Comparing VALUES Output with PRINT or DUMP Output
The easiest way to make this check is to compare the output of the VALUES command for an attribute to a summarized list of the attribute’s values that was created by a PRINT (or a DUMP) command. (Do not use the PRINT BY command to create a summarized report, because PRINT BY optimizes its processing by using the attribute’s key tables, if available, to report the values.)

I use the following approach to create a breakdown list of the values of an attribute in a dataset.

Extracting Values to a Flat File
First, issue a PRINT (or DUMP) command to extract all the attribute values out to a flat file. If you issue a PRINT command, be sure to include the WITHOUT TITLES clause to suppress the attribute titles. When using a DUMP command, I use text formats to facilitate the next steps: sorting and aggregation.

I recommend that when sorting the values do not sort the data in System 1032 unless you have a small dataset, because the I/O load of extracting the data in sorted order is higher than using the VMS Sort utility to sort the data in the flat file. You can just specify the command as:

$ SORT inputfile outputfile

However, it is more efficient to specify the /key quality to identify and quantify the sort information. See VMS HELP on sort/key for an explanation.

Extracting Unique Values and Counts – Tip 2
Now, we have a sorted list of values. Next we need a list of unique values, including a count. For this, I use variations on a simple DCL command file, shown in Figure 1, to aggregate the multiple values down to a single value.

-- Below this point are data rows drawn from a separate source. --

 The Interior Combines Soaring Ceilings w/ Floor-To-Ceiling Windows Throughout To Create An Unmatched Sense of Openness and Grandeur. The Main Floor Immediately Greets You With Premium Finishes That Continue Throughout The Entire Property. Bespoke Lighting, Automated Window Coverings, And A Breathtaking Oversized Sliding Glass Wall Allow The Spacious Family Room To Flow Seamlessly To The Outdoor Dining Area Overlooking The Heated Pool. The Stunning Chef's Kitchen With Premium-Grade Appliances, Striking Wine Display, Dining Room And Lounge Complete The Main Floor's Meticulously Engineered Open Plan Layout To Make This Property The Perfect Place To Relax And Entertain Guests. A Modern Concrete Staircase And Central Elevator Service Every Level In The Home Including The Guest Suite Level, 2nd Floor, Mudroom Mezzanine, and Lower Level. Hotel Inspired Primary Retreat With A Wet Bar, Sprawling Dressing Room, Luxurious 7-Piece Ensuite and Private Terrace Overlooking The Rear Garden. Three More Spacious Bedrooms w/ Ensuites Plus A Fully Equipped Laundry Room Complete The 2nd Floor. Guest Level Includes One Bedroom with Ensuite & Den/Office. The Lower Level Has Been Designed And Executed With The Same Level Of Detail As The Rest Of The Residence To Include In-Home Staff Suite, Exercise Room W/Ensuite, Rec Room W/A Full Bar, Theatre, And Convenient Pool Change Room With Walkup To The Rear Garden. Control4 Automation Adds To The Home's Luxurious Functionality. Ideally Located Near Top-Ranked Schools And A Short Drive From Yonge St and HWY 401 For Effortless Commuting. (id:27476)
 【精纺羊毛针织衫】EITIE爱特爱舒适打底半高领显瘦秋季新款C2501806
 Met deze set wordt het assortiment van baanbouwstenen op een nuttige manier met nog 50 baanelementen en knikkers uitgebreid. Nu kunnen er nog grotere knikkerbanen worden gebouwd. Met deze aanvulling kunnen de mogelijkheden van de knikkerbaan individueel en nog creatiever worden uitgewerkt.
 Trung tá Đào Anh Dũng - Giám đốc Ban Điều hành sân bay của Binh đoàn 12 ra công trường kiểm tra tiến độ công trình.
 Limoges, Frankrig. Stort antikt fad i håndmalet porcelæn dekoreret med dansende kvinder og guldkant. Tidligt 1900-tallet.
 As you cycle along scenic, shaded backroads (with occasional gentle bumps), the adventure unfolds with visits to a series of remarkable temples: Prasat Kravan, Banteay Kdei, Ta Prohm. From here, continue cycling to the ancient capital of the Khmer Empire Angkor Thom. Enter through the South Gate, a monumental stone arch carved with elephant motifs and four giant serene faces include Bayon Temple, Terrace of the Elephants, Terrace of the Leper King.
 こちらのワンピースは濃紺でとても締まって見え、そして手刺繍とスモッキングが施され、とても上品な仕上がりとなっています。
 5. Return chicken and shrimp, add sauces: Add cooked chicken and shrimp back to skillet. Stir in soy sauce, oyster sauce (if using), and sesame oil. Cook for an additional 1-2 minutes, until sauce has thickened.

Figure 1. Aggregating unique values

$! SQSHR.COM
$ Open/Write Ocx 'Ff$parse(P1,,,"Name")'.sum
$ Open Icx 'P1 !P1 is input file name.type
$ Read Icx Lval
$ Xval = ""
$ Lcn = 1
$Vloop:
$ Read/End=No_More Icx Xval
$ If Xval .Nes. Lval
$ Then
$ Write Ocx F$fao("!AS|!SL",Lval,Lcn)
$ Lval = Xval
$ Lcn = 1
$ Else
$ Lcn = Lcn + 1
$ Endif
$ Goto Vloop
$No_More:
$ Write Ocx F$fao("!AS|!SL",Lval,Lcn)
$ Close Icx
$ Close Ocx
$ Exit

Using the Command File
The command file in Figure 1 opens a supplied input file, and creates an output file with the same file name, but with the new file type .SUM. A loop reads values one at a time, writing a line to the output file when the value changes. At the end of the loop, a final write takes care of the last value. The output line is value|count.

For most datasets, you can compare the VALUES key-table count and the PRINT (or DUMP) record generated count for a match by visual inspection. For larger value sets, you might make use of the VMS differences/parallel command to more easily compare the two files. While the format differences create obvious incorrect matching, there is the side benefit of automatically presenting the files side-by-side, to facilitate visual inspection.

Extraction Unique Values and Counts – Tip 3
Figure 2 illustrates another simple DCL command file you can use to do a line-by-line comparison.

Figure 2. Creating a line-by-line comparison

$ Open Vc Valmode.Sum     !xx     (##)
$ Open Pc Prtmode.Sum !xx|##
$Vloop:
$ Read/End=Nomore Vc Vrec
$ Read/End=Nomore Pc Prec
$ If F$edit(F$element(0,"|",Prec),"TRIM") .Nes. -
F$edit(F$element(0,"(",Vrec),"TRIM")
$ Then
$ Write Sys$output "Out of sync"
$ Goto Nomore
$ Endif
$ If (F$element(1,"(",Vrec)-")") .Ne. F$element(1,"|",Prec)
$ Then
$ Write Sys$output "Mismatch: ''Vrec' Vs. ''Prec'"
$ Endif
$ Goto Vloop
$Nomore:
$ Close Vc
$ Close Pc
$ Exit

Note: The code in Figure 2 excludes code necessary to handle the differing presentation of MISSING between DUMP or PRINT reports and the VALUES command.

Using a Find/Search Value Comparison – Tip 4
The code in Figures 1 and 2 validate the key tables only at the lowest levels, where the records and value information are stored. This code does not verify the higher-level key tables, used to simplify the query for specific values during FIND command processing.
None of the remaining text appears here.